Work item - Print only the lines from the top of the data through the line with "Het perceel waarop", both included, skipping every picture.

Records shown -
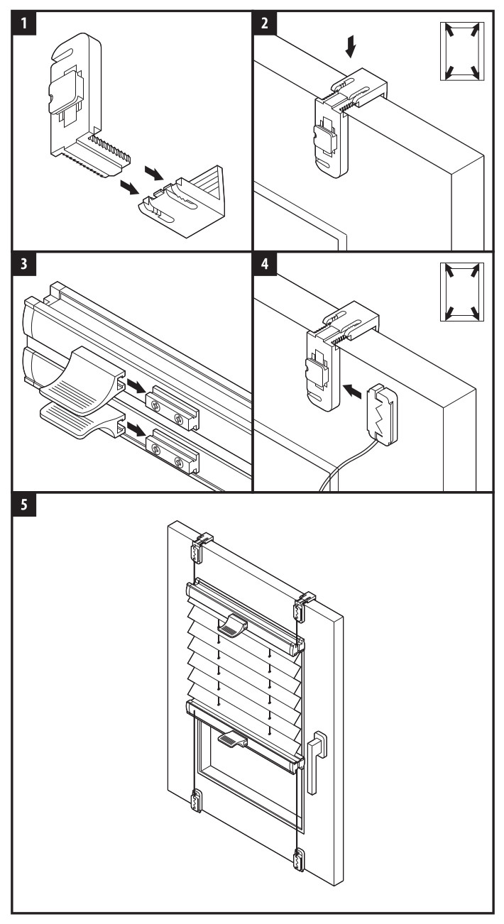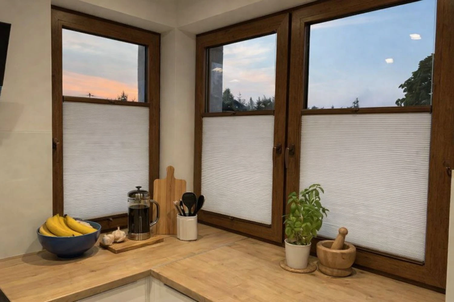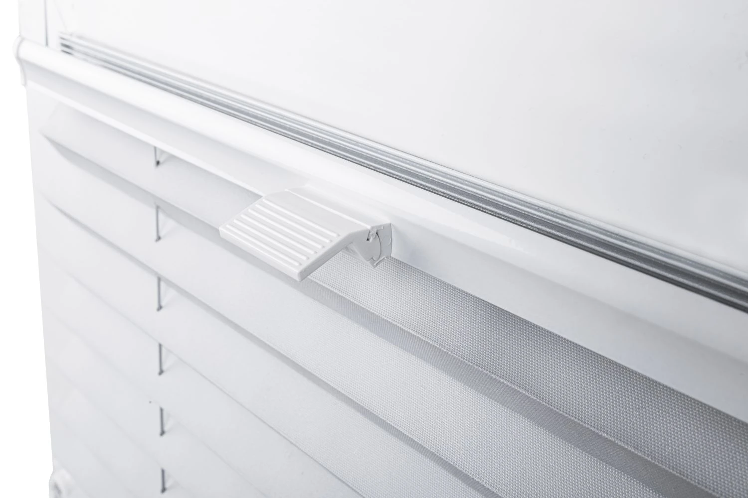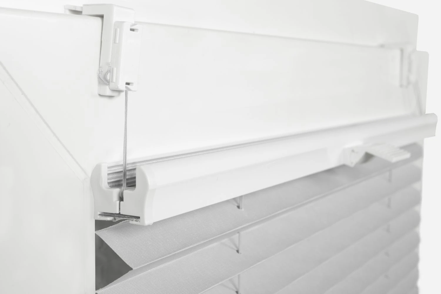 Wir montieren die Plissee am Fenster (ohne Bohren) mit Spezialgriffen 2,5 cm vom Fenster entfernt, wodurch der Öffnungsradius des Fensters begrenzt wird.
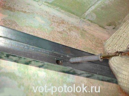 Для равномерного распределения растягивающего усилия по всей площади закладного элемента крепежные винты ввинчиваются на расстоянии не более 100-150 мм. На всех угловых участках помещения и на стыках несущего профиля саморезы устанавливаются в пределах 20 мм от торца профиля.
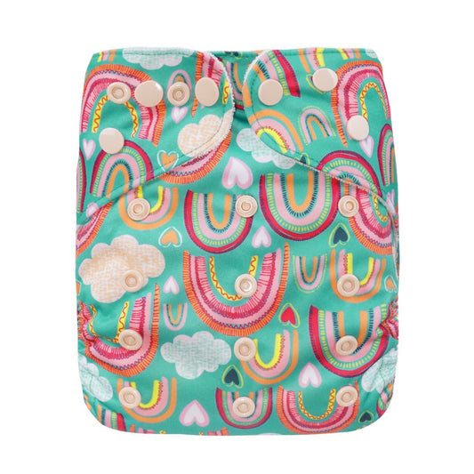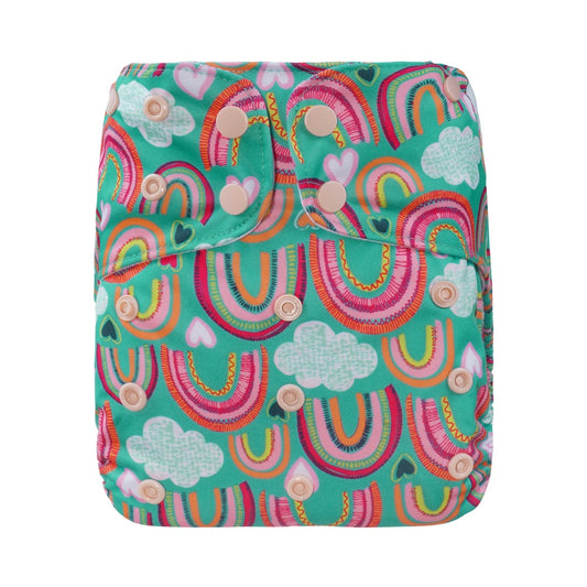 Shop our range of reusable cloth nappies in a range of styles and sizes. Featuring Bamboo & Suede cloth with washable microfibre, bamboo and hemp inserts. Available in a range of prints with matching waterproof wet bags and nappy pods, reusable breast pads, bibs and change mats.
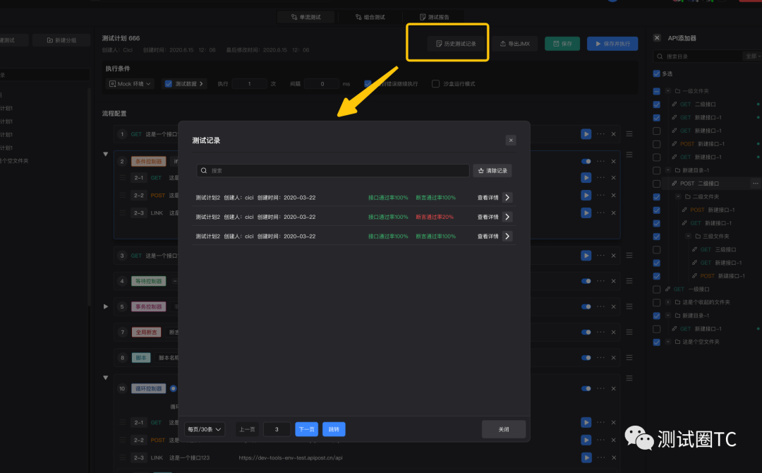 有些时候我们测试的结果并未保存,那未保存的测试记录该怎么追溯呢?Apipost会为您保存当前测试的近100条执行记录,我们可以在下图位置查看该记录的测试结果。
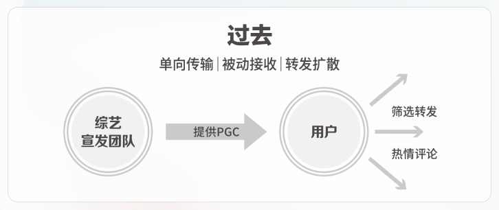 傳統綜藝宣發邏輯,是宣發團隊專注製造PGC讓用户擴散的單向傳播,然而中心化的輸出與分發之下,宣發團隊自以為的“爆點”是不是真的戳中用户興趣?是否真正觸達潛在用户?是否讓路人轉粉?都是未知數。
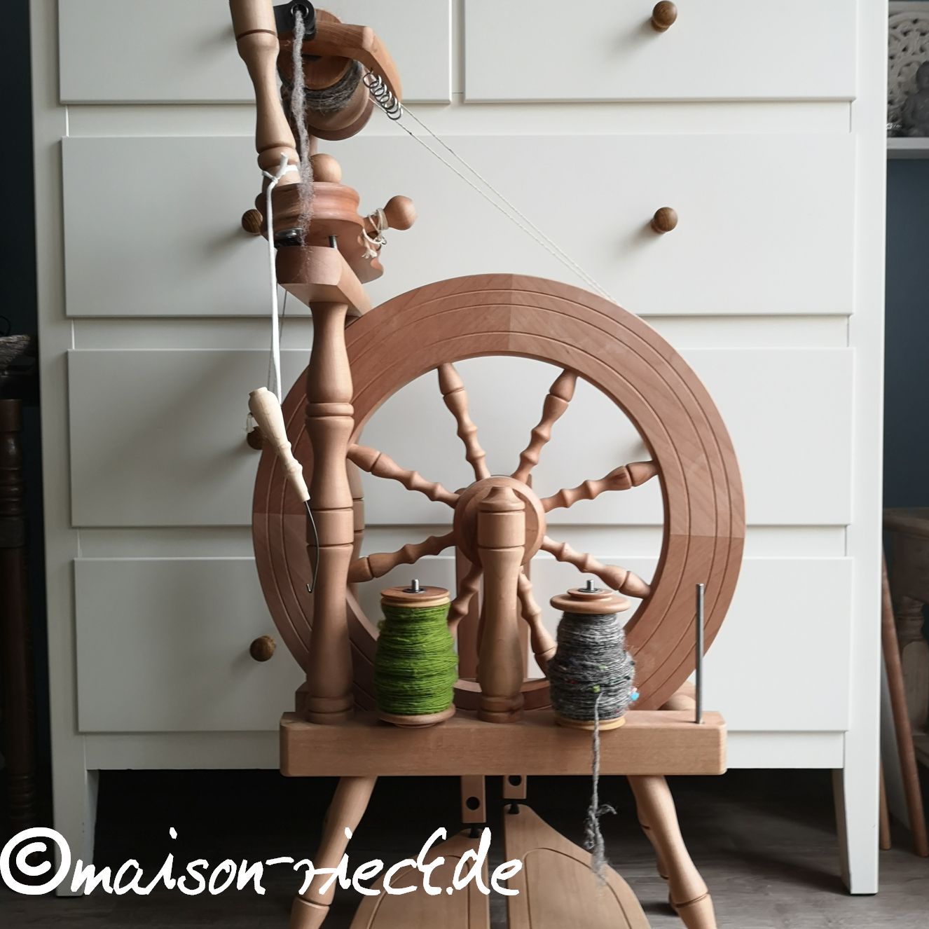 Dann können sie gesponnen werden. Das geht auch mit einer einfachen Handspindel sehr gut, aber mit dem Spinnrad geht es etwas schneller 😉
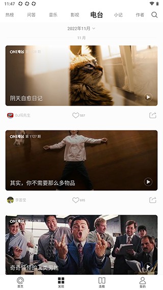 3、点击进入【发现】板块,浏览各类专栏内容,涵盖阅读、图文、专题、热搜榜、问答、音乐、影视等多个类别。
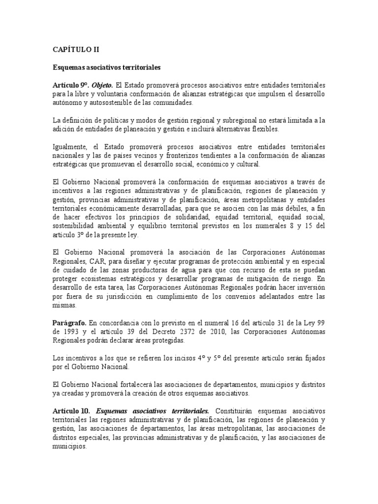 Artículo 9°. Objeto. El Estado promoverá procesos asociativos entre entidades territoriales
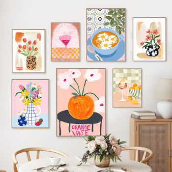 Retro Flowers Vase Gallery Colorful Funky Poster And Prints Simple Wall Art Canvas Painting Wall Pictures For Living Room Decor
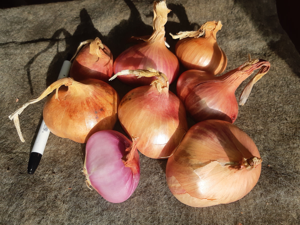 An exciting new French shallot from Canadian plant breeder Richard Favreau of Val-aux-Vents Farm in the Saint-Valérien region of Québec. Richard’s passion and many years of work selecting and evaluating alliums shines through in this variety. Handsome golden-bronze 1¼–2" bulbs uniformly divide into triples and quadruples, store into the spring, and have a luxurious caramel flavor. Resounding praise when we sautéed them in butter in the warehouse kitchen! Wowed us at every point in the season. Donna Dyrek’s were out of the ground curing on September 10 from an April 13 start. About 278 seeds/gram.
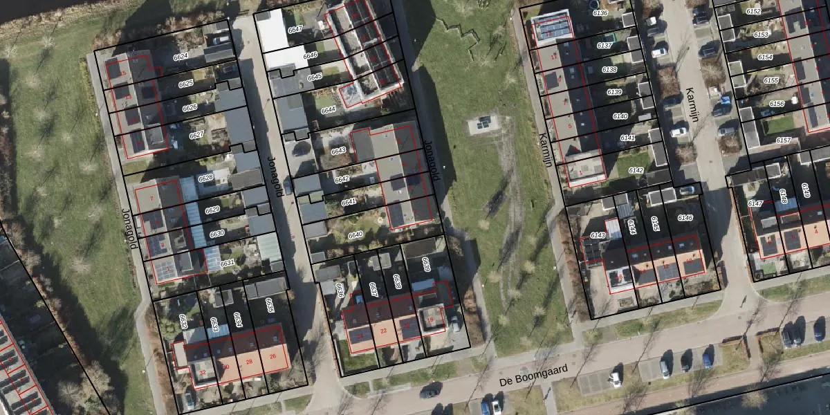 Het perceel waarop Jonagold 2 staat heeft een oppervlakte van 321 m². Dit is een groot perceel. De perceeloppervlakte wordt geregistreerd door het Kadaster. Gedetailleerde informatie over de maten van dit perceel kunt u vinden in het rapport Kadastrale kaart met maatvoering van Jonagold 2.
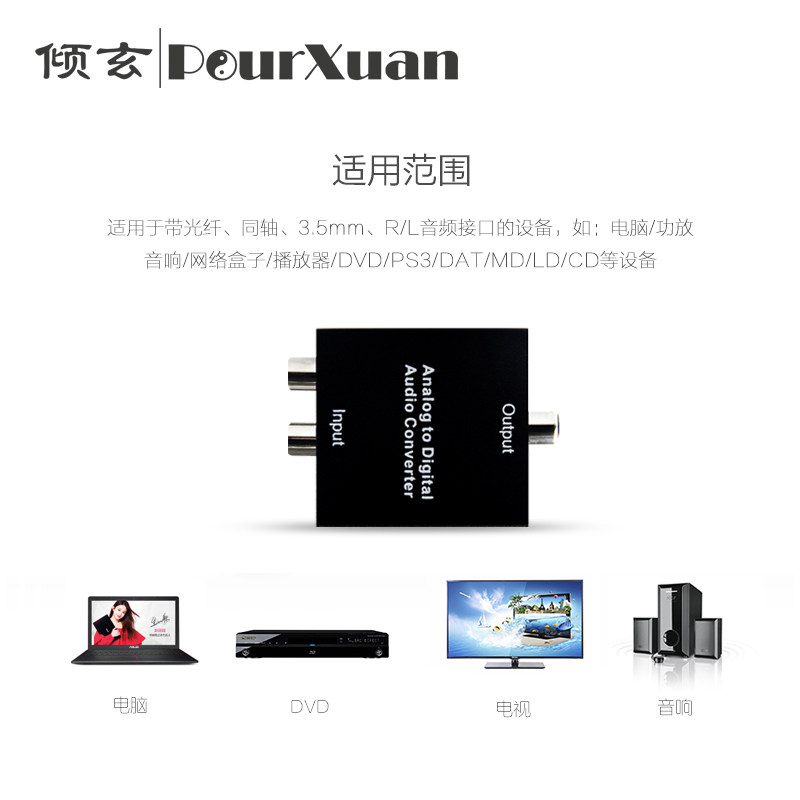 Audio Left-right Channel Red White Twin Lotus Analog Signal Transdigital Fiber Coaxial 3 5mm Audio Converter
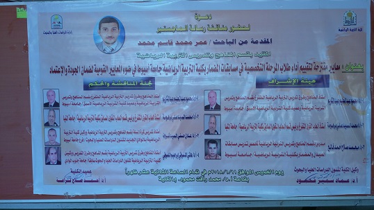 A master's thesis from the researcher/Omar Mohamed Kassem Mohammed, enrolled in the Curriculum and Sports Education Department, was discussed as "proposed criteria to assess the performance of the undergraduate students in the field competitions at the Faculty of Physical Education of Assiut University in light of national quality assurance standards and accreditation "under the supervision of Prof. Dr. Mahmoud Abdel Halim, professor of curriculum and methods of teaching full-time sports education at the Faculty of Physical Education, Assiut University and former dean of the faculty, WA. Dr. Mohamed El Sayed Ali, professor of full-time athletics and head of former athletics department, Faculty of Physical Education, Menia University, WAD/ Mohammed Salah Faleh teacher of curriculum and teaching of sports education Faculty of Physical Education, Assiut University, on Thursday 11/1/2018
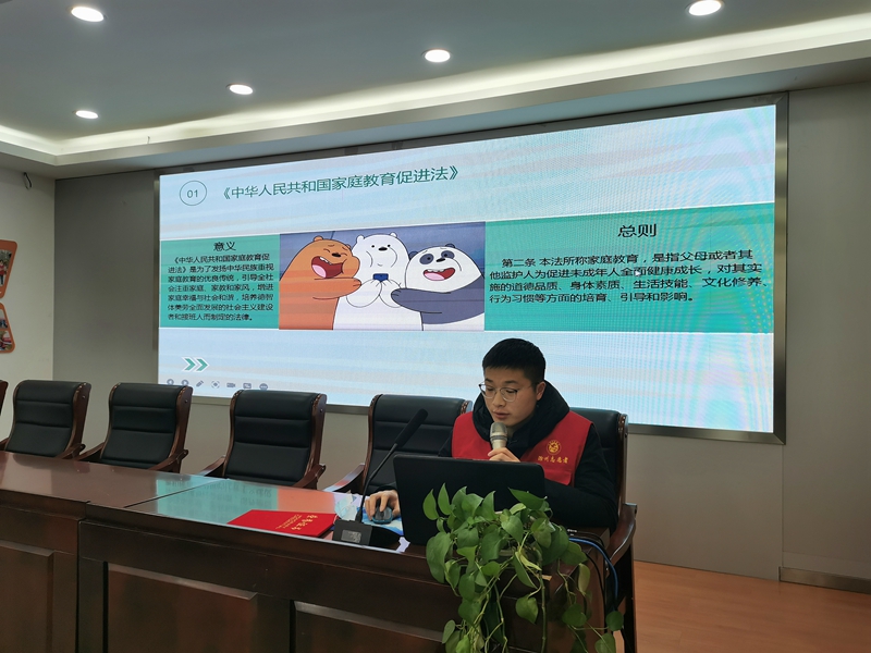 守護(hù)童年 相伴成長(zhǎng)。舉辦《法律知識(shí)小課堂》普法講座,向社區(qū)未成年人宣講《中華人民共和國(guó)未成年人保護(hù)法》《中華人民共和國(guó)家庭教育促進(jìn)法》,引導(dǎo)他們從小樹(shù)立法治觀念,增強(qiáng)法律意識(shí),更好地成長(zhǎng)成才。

Response area -
 Wir montieren die Plissee am Fenster (ohne Bohren) mit Spezialgriffen 2,5 cm vom Fenster entfernt, wodurch der Öffnungsradius des Fensters begrenzt wird.
 Для равномерного распределения растягивающего усилия по всей площади закладного элемента крепежные винты ввинчиваются на расстоянии не более 100-150 мм. На всех угловых участках помещения и на стыках несущего профиля саморезы устанавливаются в пределах 20 мм от торца профиля.
 Shop our range of reusable cloth nappies in a range of styles and sizes. Featuring Bamboo & Suede cloth with washable microfibre, bamboo and hemp inserts. Available in a range of prints with matching waterproof wet bags and nappy pods, reusable breast pads, bibs and change mats.
 有些时候我们测试的结果并未保存,那未保存的测试记录该怎么追溯呢?Apipost会为您保存当前测试的近100条执行记录,我们可以在下图位置查看该记录的测试结果。
 傳統綜藝宣發邏輯,是宣發團隊專注製造PGC讓用户擴散的單向傳播,然而中心化的輸出與分發之下,宣發團隊自以為的“爆點”是不是真的戳中用户興趣?是否真正觸達潛在用户?是否讓路人轉粉?都是未知數。
 Dann können sie gesponnen werden. Das geht auch mit einer einfachen Handspindel sehr gut, aber mit dem Spinnrad geht es etwas schneller 😉
 3、点击进入【发现】板块,浏览各类专栏内容,涵盖阅读、图文、专题、热搜榜、问答、音乐、影视等多个类别。
 Artículo 9°. Objeto. El Estado promoverá procesos asociativos entre entidades territoriales
 Retro Flowers Vase Gallery Colorful Funky Poster And Prints Simple Wall Art Canvas Painting Wall Pictures For Living Room Decor
 An exciting new French shallot from Canadian plant breeder Richard Favreau of Val-aux-Vents Farm in the Saint-Valérien region of Québec. Richard’s passion and many years of work selecting and evaluating alliums shines through in this variety. Handsome golden-bronze 1¼–2" bulbs uniformly divide into triples and quadruples, store into the spring, and have a luxurious caramel flavor. Resounding praise when we sautéed them in butter in the warehouse kitchen! Wowed us at every point in the season. Donna Dyrek’s were out of the ground curing on September 10 from an April 13 start. About 278 seeds/gram.
 Het perceel waarop Jonagold 2 staat heeft een oppervlakte van 321 m². Dit is een groot perceel. De perceeloppervlakte wordt geregistreerd door het Kadaster. Gedetailleerde informatie over de maten van dit perceel kunt u vinden in het rapport Kadastrale kaart met maatvoering van Jonagold 2.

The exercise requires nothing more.